Corporate free speech

We live in an age with the most advanced propaganda machines the world has ever seen. We call them, euphemistically, marketing departments. Public relations. The primary function of these branches, having worked closely with them myself for years, is to get people to purchase without thinking overmuch about what it is they’re buying. The most effective advertising has little to do with the product itself but rather associates a brand with a happy lifestyle. It is public knowledge, in that the public is capable of seeing marketing mechanisms at work, that there is a disconnect between message and purpose. And yet we watch them daily, as a nation. We watch as many of them as the marketers think we can stand without revolting, without being sick to death of them.

We also live in the wake of a Supreme Court decision that grants corporations the power of free speech. We are going to allow, in our national debate, the most widely successful propaganda campaigners into our political arena. This is one large step down the road America has already started upon: we have fought tooth and nail for our freedoms, but we would rather sacrifice them to those already in power than use our votes ourselves. It’s a logical outcome of our faith in the division of labor, an outcome of the long hours brought about by our longstanding work ethic.

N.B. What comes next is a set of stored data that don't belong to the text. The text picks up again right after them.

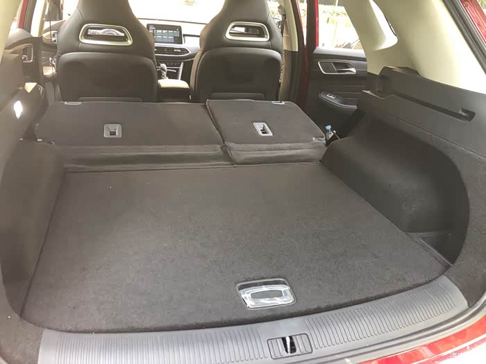 后排座椅放倒可以和后备箱形成一个纯平的平台,还是十分实用的。
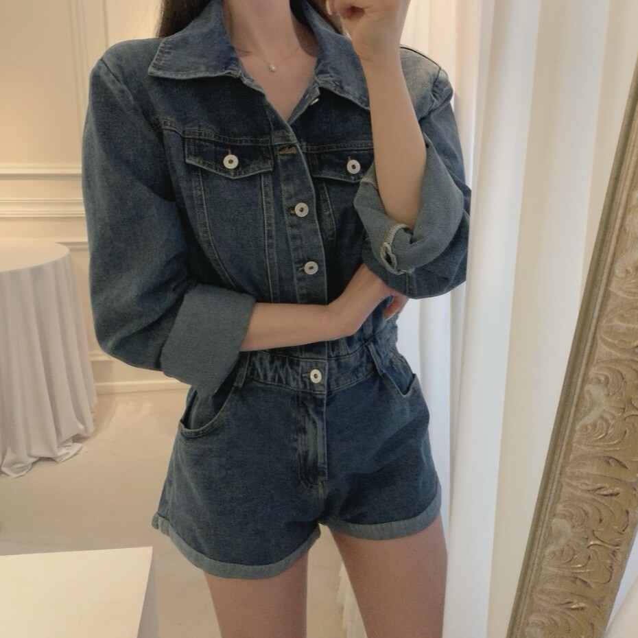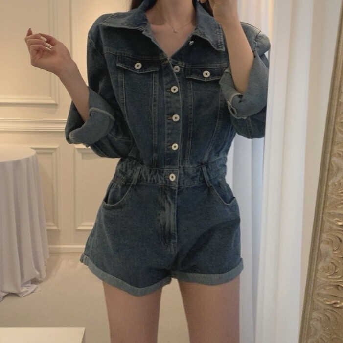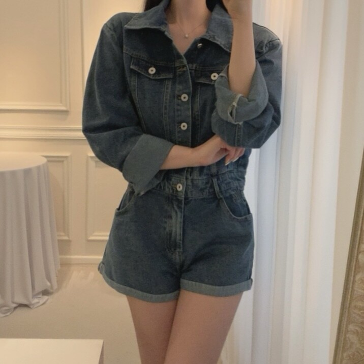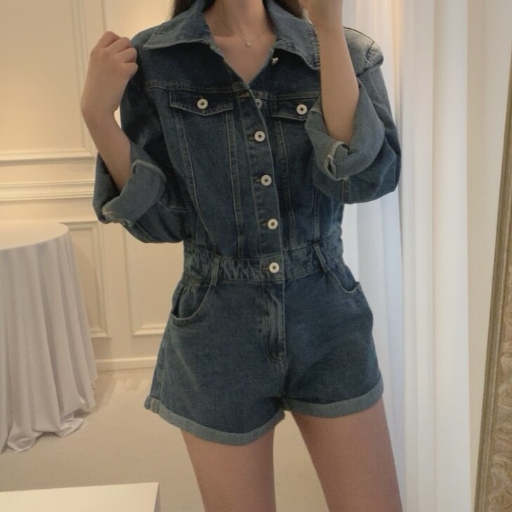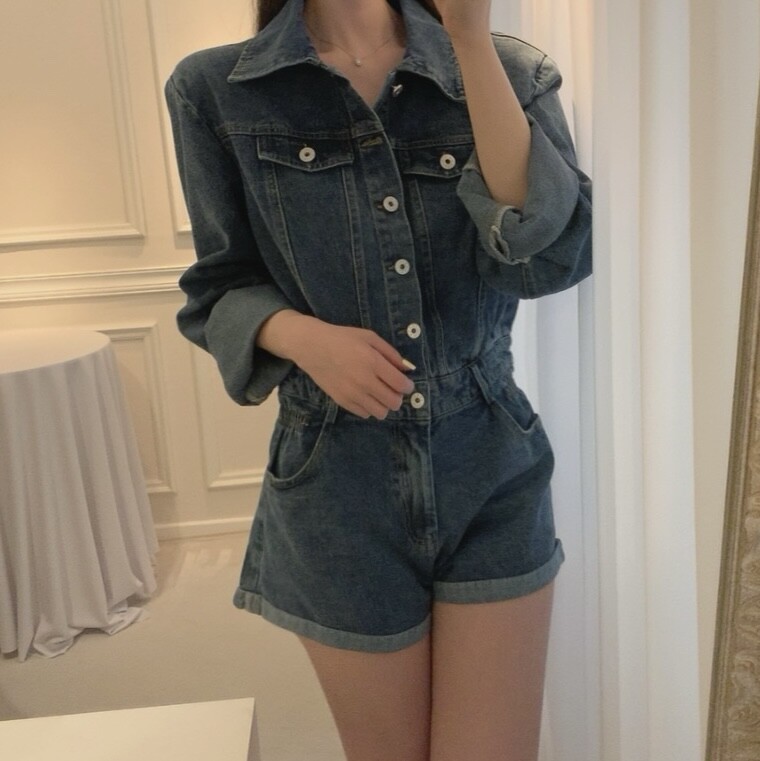 (고퀄리티) 데님 청 긴팔 루즈핏 허리 밴딩 롤업 반바지 점프수트
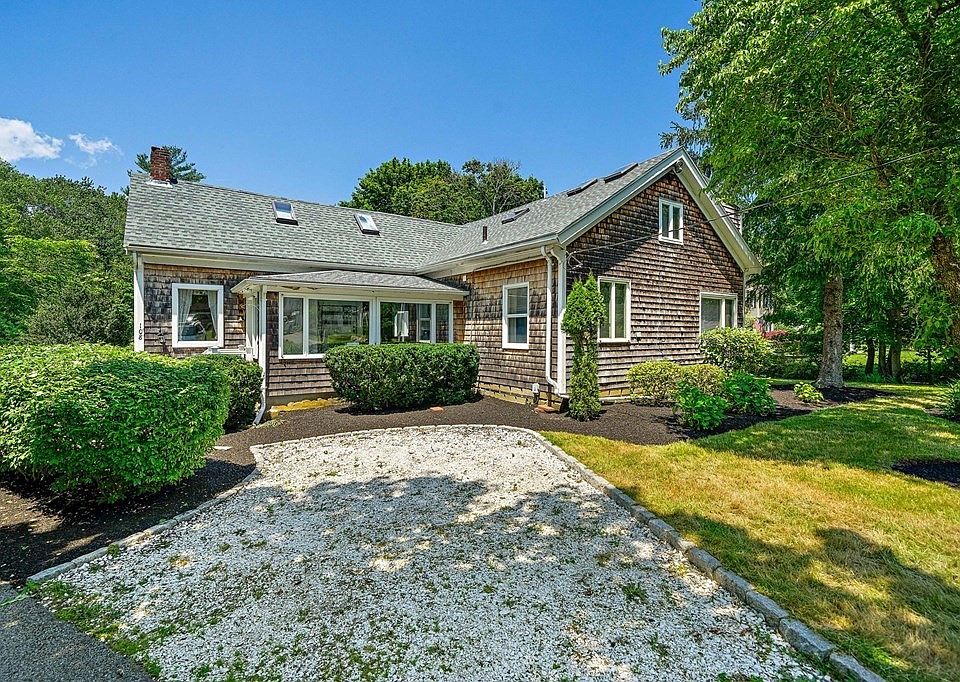 OFFER deadline is Sat 7/8 by 7pm. Make offers good until Monday 7/10 noon. Send 1 pdf file with lead/preapproval/etc. Charming 4 BR farm style cape on a private lot with detached 2 car garage. Upon entry into light and bright mud room w/ slider into fireplaced LR, eat in dining room opens to large kitchen with center island. 1st floor MBR with sitting room and full BA, screen porch and laundry. Hardwoods and WW carpet, plenty of closets and built ins. 2nd floor offers 3 BR and a full bath. Skylights, natural wood, bookcases, mini-split AC's, title V approved, large rear yard with tennis court, and deck. Make this unique property your own! So much potential, don't miss this opportunity!
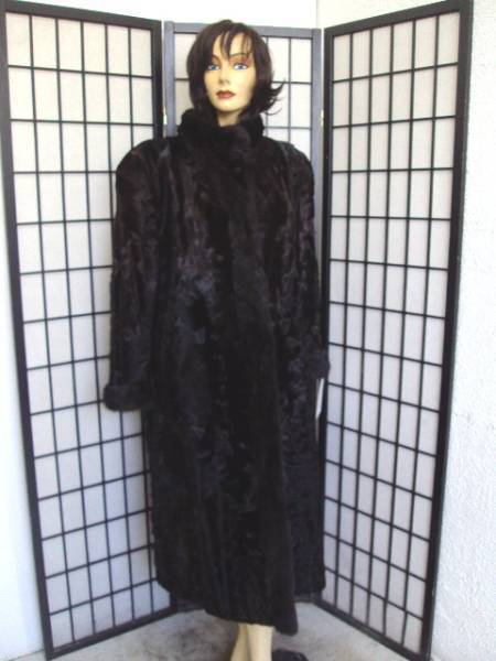 - ブラック&ブラウン ラム&ミンク毛皮コート サイズ10
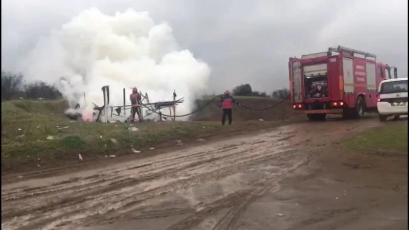 Olay, Sakarya’nın Karasu ilçesi Küçük Karasu Mahallesi’nde meydana geldi. Edinilen bilgiye göre, Ali Kır isimli vatandaşa ait olduğu öğrenilen balıkçı barakasında henüz belirlenemeyen bir sebeple yangın çıktı. Alev topuna dönen barakayı gören vatandaşlar durumu itfaiye ekiplerine bildirdi. İhbar üzerine olay yerine gelen itfaiye ekipleri, alev topuna dönen barakaya müdahale etmek için çalışma başlattı. İtfaiye ekiplerinin müdahalesi ile yangın kısa sürede kontrol altına alarak söndürüldü. Çıkan yangında barakadan geriye yanmış odun parçaları kaldı. Yangınla ilgili inceleme başlatıldı.

The problem with propaganda is that it’s polarizing. These effects exist already in our bipolar government, but the arm of marketers and publicists has always been limited by scrutinized  means. A politician has a speech written; he reads it off a teleprompter; he hands a press release to FOX News and CNN and waits to see what they do with it. Corporations are much more savvy. They write a press release, they offer no information other than their press release, they purchase some advertising space, and then they watch their press release and their ads appear simultaneously, side by side, unquestioned by the very arm that’s pushing them out.

Now we’re going to allow these propagandists into the most closely waged war of this country, and I expect an escalation of violent proportions. We slung mud before, but that was when we were too poor to afford farmers’ tools. Watch us march ahead, torch and pitch fork in hand, and the pandemonium screams ever louder around us, amplified in the way only professionals could accomplish. Watch it lead to political turmoil the like of which America has not recently endured, perhaps to a second civil war, caused only by the irresponsible voices of profit-hungry but incorporeal pseudo-individuals.

This is not an instance in which greed, functioning as a primary virtue, will overcome all lesser obstacles. This is not an instance in which self-interest will stop with victory. Self-interest will go further. The corporate powers that be will not stop until they have secured a stable puppet on the thone, not just in the presidency but across all of Washington, and this kind of tyranny the people will not stand. At least, I hope they won’t stand it.